**Task statement**
Extract word for word the lines of the listing from its start to the line holding "L’illusion des personnages", both ends kept; pictures are not part of the copy.

------

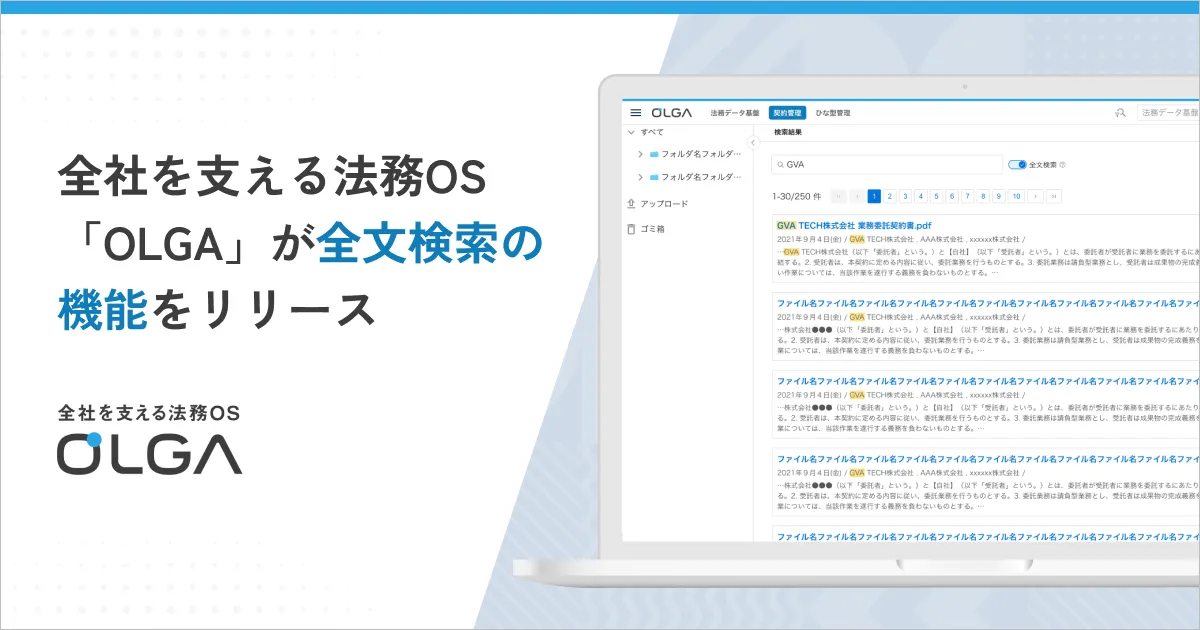 GVA TECH株式会社は、東京都渋谷区に本社を置くリーガルテック企業で、法務部門と事業部門の業務効率化を目指す統合型プロダクト「OLGA」を展開しています。最近、同社は「OLGA」に新機能として全文検索機能を追加したことを発表しました。この機能は契約書や関連文書に含まれるテキストを横断的に検索できるもので、法務業務のさらなる効率化を図ります。
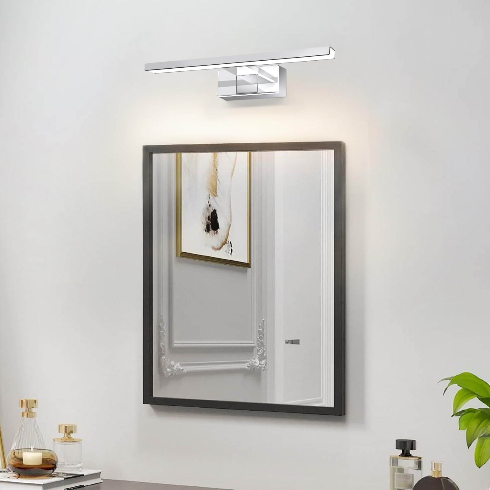 Eye Protection: This LED mirror light is ideal for mirror illumination. Its flicker-free and glare-free design makes it a classic bathroom light that evenly illuminates the mirror with neutral white light, showcasing natural skin tones
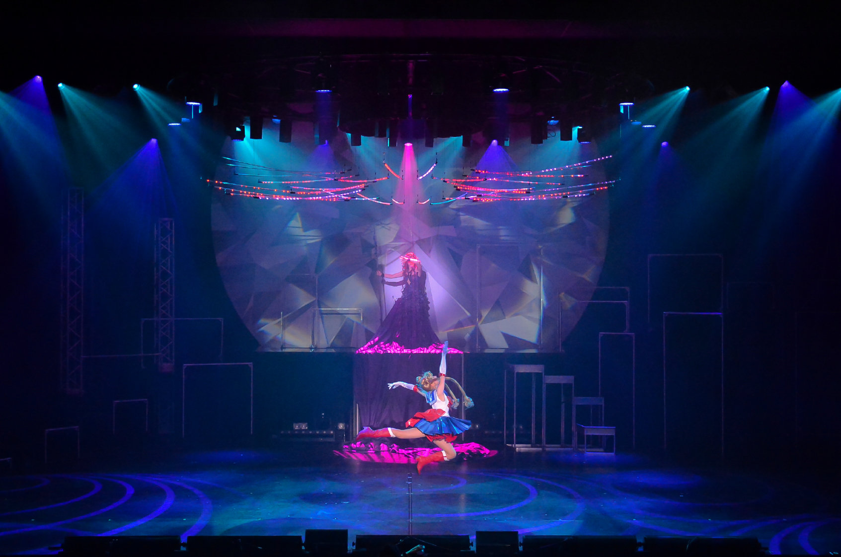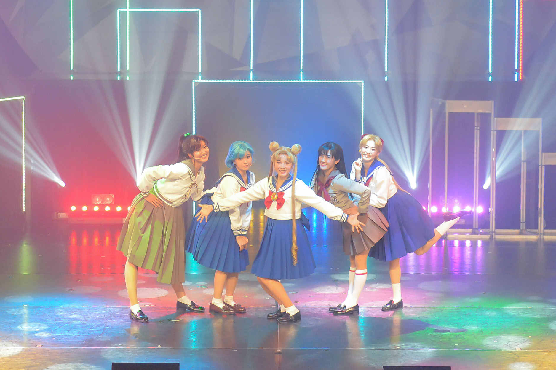 L’illusion des personnages est parfaite avec une Usagi toujours aussi fofolle, et ses amis. Les comédiennes/danseuses prennent les pauses exactes des héroïnes ce qui est bluffant par moment, tout comme leurs voix. Le show est entièrement en japonais, mais ne vous inquiété pas, il fait la par belle au mime. Il n’est donc pas nécessaire de comprendre le japonais pour pouvoir suivre la spectacle. Cependant, si vous ne connaissez pas l’univers de Sailor Moon, il se peut que vous soyez un peu déboussolé. Sinon, seules les chansons sont chantées, le tableaux de danses sont pour la plupart muets ou parsemé de petits cris et phrases emblématiques de la saga.
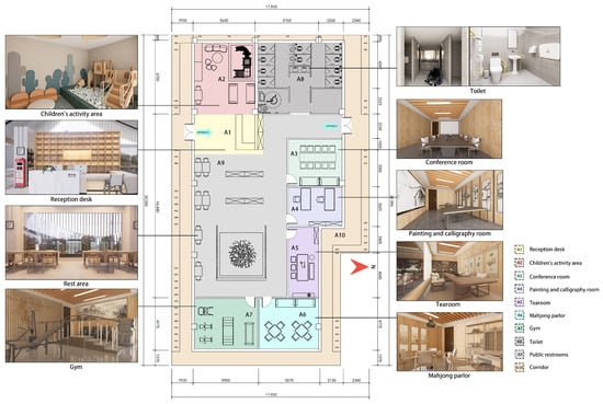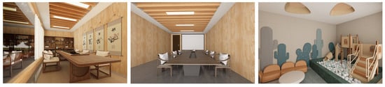 Interactive spaces such as chess rooms, tea lounges, and multipurpose areas (Figure 11) foster community communication. Intergenerational zones combine children’s play areas with nearby seating for grandparents, implementing Social Interaction (D31, M) and Activity Participation (B13, O). Modular furniture and flexible layouts enhance inclusivity and embed Sense of Belonging (B14, A) and Intergenerational Integration (B15, O).
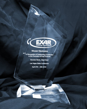 在2010年4月拉斯維加斯召開的Exar銷售大會(huì)上,Exar 為表彰在Exar產(chǎn)品宣傳中的杰出貢獻(xiàn)向Mouser Electronics頒發(fā)杰出貢獻(xiàn)獎(jiǎng)。Mouser獲此殊榮的理由是其成功地在過(guò)去的16個(gè)月內(nèi)保持每月的銷售量都有巨大的增長(zhǎng)。 Mouser同時(shí)還通過(guò)網(wǎng)絡(luò)和目錄營(yíng)銷手段向數(shù)千名新客戶推介Exar的電源管理擴(kuò)展陣列,通信以及接口硅晶解決方案。
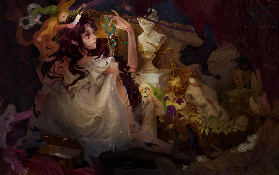 新国画 |《野草闲花逢春生》手绘民国风水墨画艺术海报
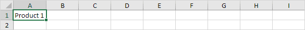 5. Enter Product 1 into cell A1.
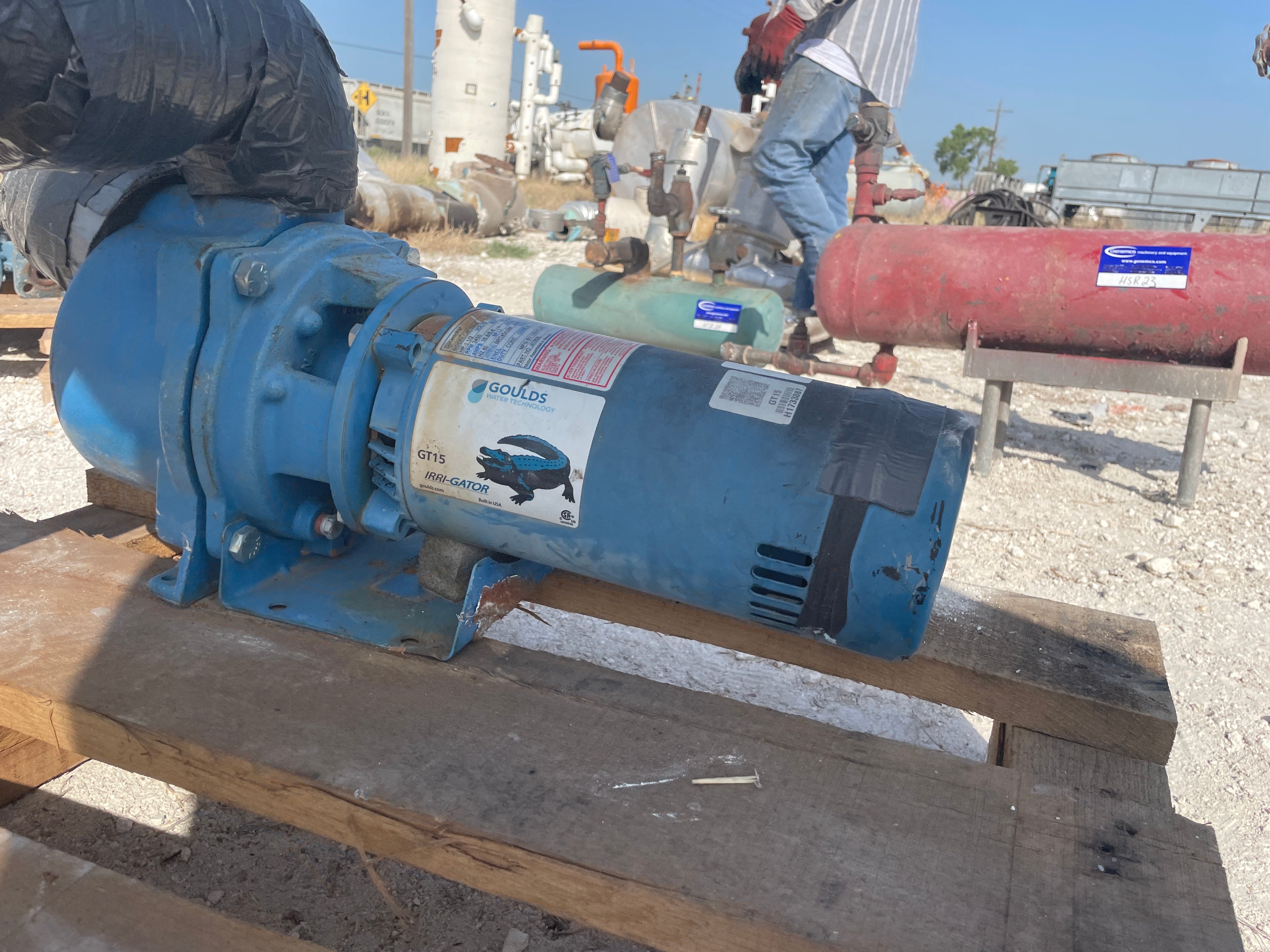 Goulds GT15 Centrifugal Pump. Model: GT15. HP: 1.5, Phase: 1. Pipe Connections(in): 1.5 NPT Suction, 1.5 NPT Discharge. Capacities to 110 GPM at 5 Foot Suction lift. Maximum working pressure: 125 PSIG. Maximum water temperature: 140 F (60 c). Rotation is clockwise when viewed from motor end. Century Motor: Model: C48C53A06, Serial No:05517J2, HP: 1.1/2, Volts: 115/230, RPM: 3450, HZ: 60, Amps: 16.8/8.4, Max Load: 22.0/11.0. Applications specifically designed for are for Lawn sprinkling, Irrigation, Air Conditioning Systems, Heat Pumps, Water Transfer, Dewatering.
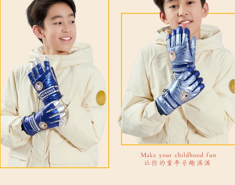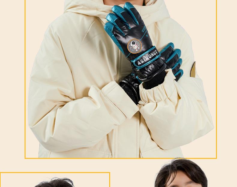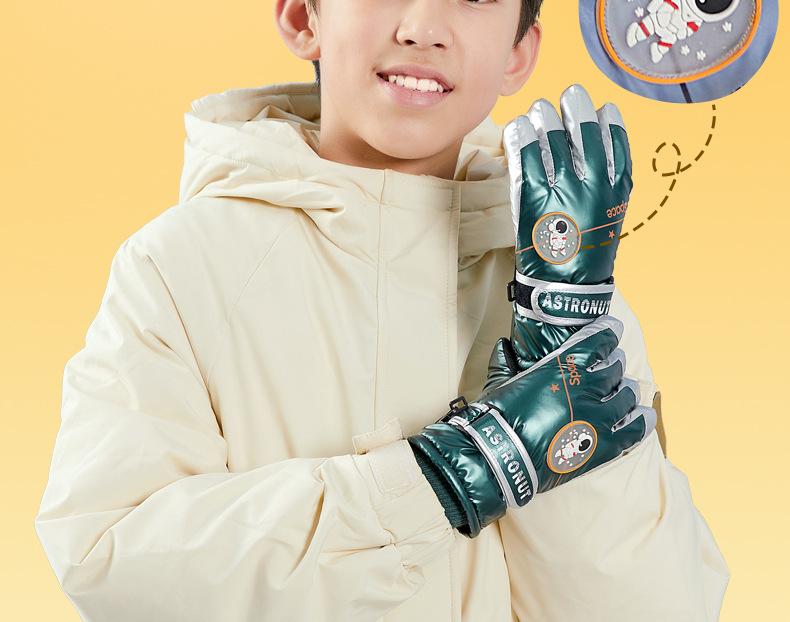 Guantes de esquí para niños con forro polar a prueba de viento, gruesos y cálidos, para exteriores, con dibujos animados, para niños y niñas, para montar a caballo.
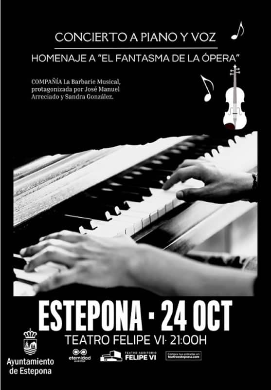 The Estepona Town Hall informs that the Company La Barbarie Teatro Musical will offer an intimate concert of piano and voice, with live music of songs, tribute to the acclaimed and classic musical ‘The Phantom of the Opera’. A concert that will undoubtedly delight the most knowledgeable musical theater audiences nationwide.
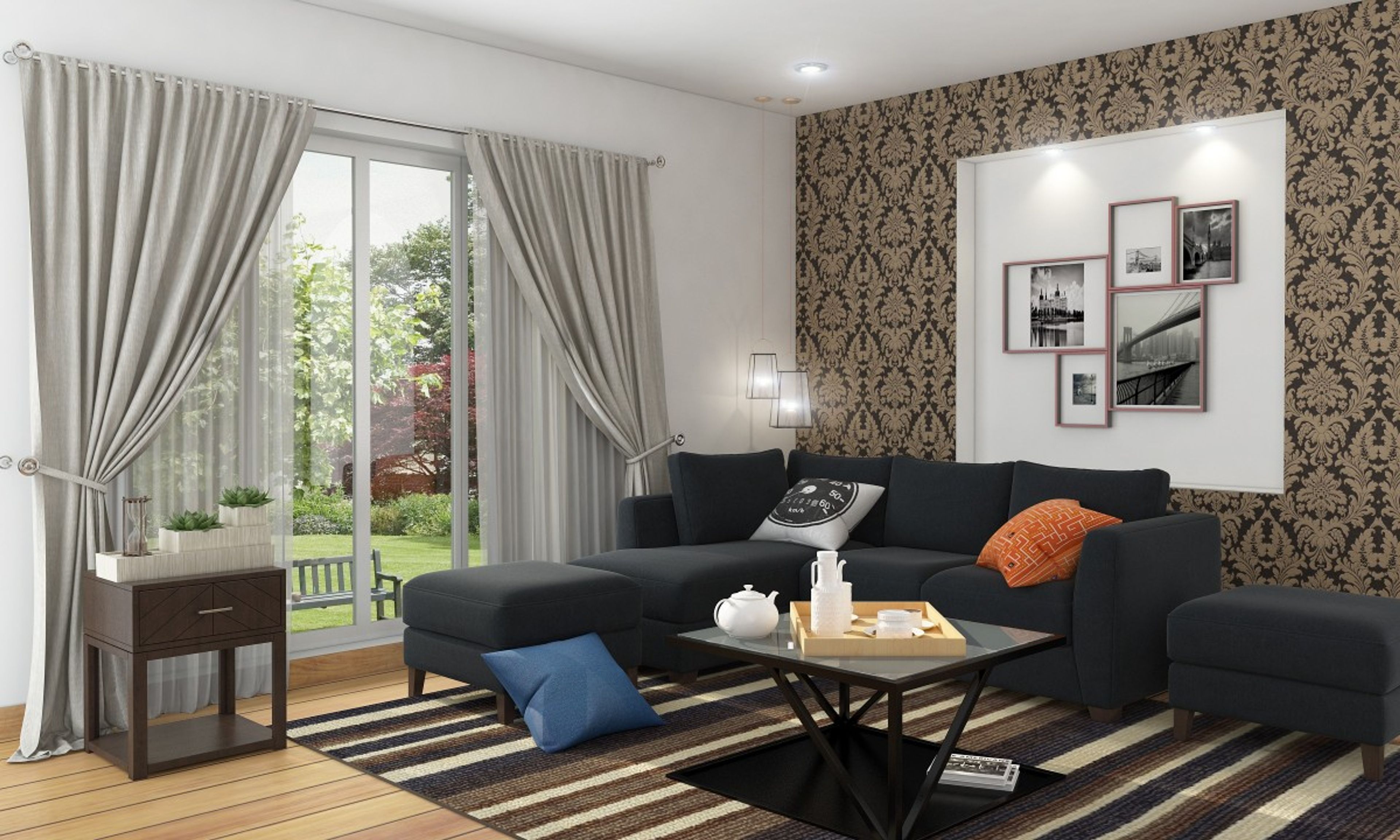 A mix of bold motifs, prints and stripes provide textural relief and character to this exquisite living room. The L-shaped Oliver sofa sits neatly with the twin Hayden ottomans along one side, leaving enough room to move around comfortably. The rug grounds the space, and we love how it doesn’t clash with the panelling of the wood floor. The simple and sturdy design of the Almast and Takara tables works in harmony with the seating area.

------

**Response to this exercise**
 GVA TECH株式会社は、東京都渋谷区に本社を置くリーガルテック企業で、法務部門と事業部門の業務効率化を目指す統合型プロダクト「OLGA」を展開しています。最近、同社は「OLGA」に新機能として全文検索機能を追加したことを発表しました。この機能は契約書や関連文書に含まれるテキストを横断的に検索できるもので、法務業務のさらなる効率化を図ります。
 Eye Protection: This LED mirror light is ideal for mirror illumination. Its flicker-free and glare-free design makes it a classic bathroom light that evenly illuminates the mirror with neutral white light, showcasing natural skin tones
 L’illusion des personnages est parfaite avec une Usagi toujours aussi fofolle, et ses amis. Les comédiennes/danseuses prennent les pauses exactes des héroïnes ce qui est bluffant par moment, tout comme leurs voix. Le show est entièrement en japonais, mais ne vous inquiété pas, il fait la par belle au mime. Il n’est donc pas nécessaire de comprendre le japonais pour pouvoir suivre la spectacle. Cependant, si vous ne connaissez pas l’univers de Sailor Moon, il se peut que vous soyez un peu déboussolé. Sinon, seules les chansons sont chantées, le tableaux de danses sont pour la plupart muets ou parsemé de petits cris et phrases emblématiques de la saga.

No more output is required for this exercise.